Может быть, ты посвятишь меня?
– Пожалуй, вам действительно будет полезно иметь некоторое представление о наших делах, – согласился Мигель. – А Ян и Кейси доскажут остальное. Но в любом случае... Конде лишь «лицо» страны. Отцу его пожаловали титул первые переселенцы, ставшие все без исключения богатыми землевладельцами – ранчерами. Они мечтали установить здесь институт наследственной аристократии, но сделать этого не удалось, хотя по местным законам Конде – наследственный суверен Нахара, и армия должна подчиняться ему как главнокомандующему. Нахарские солдаты – всегда самая бедная часть населения; они ненавидят ранчеров. Нахар стоит на пороге революции, а армия так и не решила, чью сторону она примет.
– Понятно, – вставил я, когда Мигель замолчал. – Грядет насильственная смена власти, а мы заключили контракты с правительством, которое уже завтра могут свергнуть.
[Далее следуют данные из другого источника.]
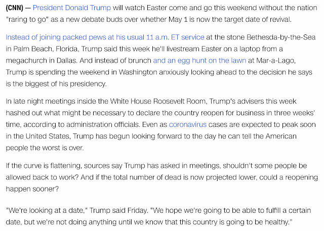 Trump considers resurrecting the economy on Easter Sunday, April 12, 2020 | More sick jokes
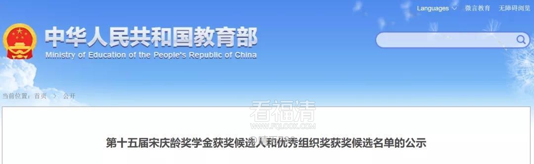 宋庆龄奖学金候选名单公布

Аманде есть о чем подумать.
– Нам всем есть о чем подумать, – поправил Мигель. – В армии нет согласия, и это единственная причина, по которой она еще не встала на сторону революции. Ты человек здесь новый и первое, что бросится тебе в глаза, – это нелепость здешних армейских традиций. Но что самое необъяснимое: традиции эти процветают в среде людей вовсе не богатых. Культ знамен, формы... музыка, дуэли за один только косо брошенный взгляд, болезненное чувство превосходства именно твоего полка и готовность по бездумному сигналу вцепиться в горло «чужакам» из другого...
– Постой, – удивленно произнес я. – Армия, о которой ты говоришь, просто не может называться армией.
– Правильно. Вот почему с Кейси и Яном заключен контракт для превращения всего этого разномастного сброда под громким названием «нахарская армия» в некое подобие реальной оборонительной силы. Государства, окружающие Нахар, изнемогают от нетерпения поскорее прибрать к своим рукам эти земли. Будь ситуация нормальной, Гримы уже давно добились бы успеха. Но все осложняется тем, что простые солдаты видят в братьях не что иное, как «инструмент» упрочения власти ранчеров; революционеры на всех углах призывают немедленно вышвырнуть дорсайцев из страны, а полковые командиры не могут или не хотят найти с Гримами общий язык. Сомневаюсь, что в подобной ситуации можно сделать для армии что‑нибудь полезное. Напротив, с каждым днем положение братьев, а теперь и ваше с Амандой, будет становиться все более непредсказуемым и угрожающим. Реальный выход, по моему убеждению, один: Кейси и Ян поступят мудро, если разорвут контракт, оплатят издержки и покинут страну и планету.
– Если бы все ограничивалось возмещением убытков по расторгнутому контракту, то здесь бы никогда не оказался профессионал, подобный Аманде, – заметил я. – Тут, возможно, все запутаннее и сложнее, чем может показаться на первый взгляд, а прежде всего потому, что конфликт может затронуть честь Дорсая.
Мигель промолчал.
– А как ты? Каково твое положение здесь? Ты ведь тоже дорсаец?
– Я?.. – прошептал он, не отрывая взгляда от ветрового стекла. И, глядя на его потемневшее лицо, я отчетливо понял, что осталось недосказанным между нами. Для таких людей, как Мигель, на родной планете существует меткое определение: их называют «потерянными». К ним не относятся те, кто не стал профессиональным военным. Так называют тех, кто, выбрав для себя жизненный путь, вдруг бросал все – неожиданно и без объяснений. Насколько я знаю, Мигель, с отличием закончивший Академию, после выпуска неожиданно для всех вычеркнул свою фамилию из списка назначений и, ничего не объяснив даже своим родным, оставил планету.
– Я капельмейстер Третьего нахарского полка, – сказал он. – Однополчане меня любят.